After 5-fold cross-validation experiments, the properties are shown in table 1 (F values for the three models have been shown in bold).
TABLE 1 relationship extraction task Performance
The number distribution of each relationship type is not balanced, and the results are also directly shown in table 1. The overall appearance is that the result of the high number of types is also high, which also accords with the characteristics of the neural network. In general, the larger the data volume, the more sufficient the training, the less likely the overfitting, and the better the result, for the same data quality and the same model. It can also be seen from the results that the F values of the three classes "PART-white", "ORG-AFF" and "GEN-AFF" are significantly higher than those of the other three normal types, which is also determined by the large data volume of the three classes.

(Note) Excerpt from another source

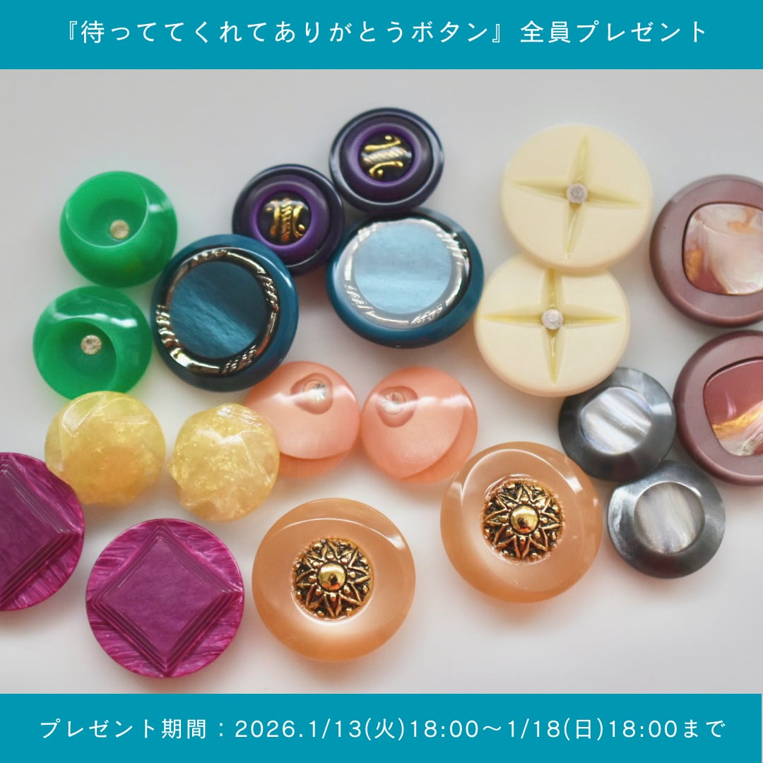 当店で扱うヴィンテージボタンは製造から30年以上のものになります。未使用品ではありますが、経年劣化に伴う小傷や欠け、色落ち等がございますことをご了承下さい。

Meanwhile, as can be seen from table 1, the performance of single-layer BiLSTMA is superior to that of simple multi-core CNN, because BiLSTMA can capture dependency information and key features in sentences more effectively than CNN, thereby obtaining better extraction effect. And the Multi-BilSTMA has the characteristics of both, so the performance of the Multi-BilSTMA is obviously superior to that of the two. In conclusion, the Chinese relation extraction method based on the neural network provided by the invention has excellent performance.

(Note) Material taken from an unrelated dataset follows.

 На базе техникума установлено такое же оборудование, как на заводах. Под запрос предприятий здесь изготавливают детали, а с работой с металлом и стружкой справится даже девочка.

The present invention is not described in detail, but is known to those skilled in the art. Finally, the above embodiments are only for illustrating the technical solutions of the present invention and not for limiting, although the present invention has been described in detail with reference to the preferred embodiments, it should be understood by those skilled in the art that modifications or equivalent substitutions may be made to the technical solutions of the present invention without departing from the spirit and scope of the technical solutions of the present invention, and all of them should be covered in the claims of the present invention.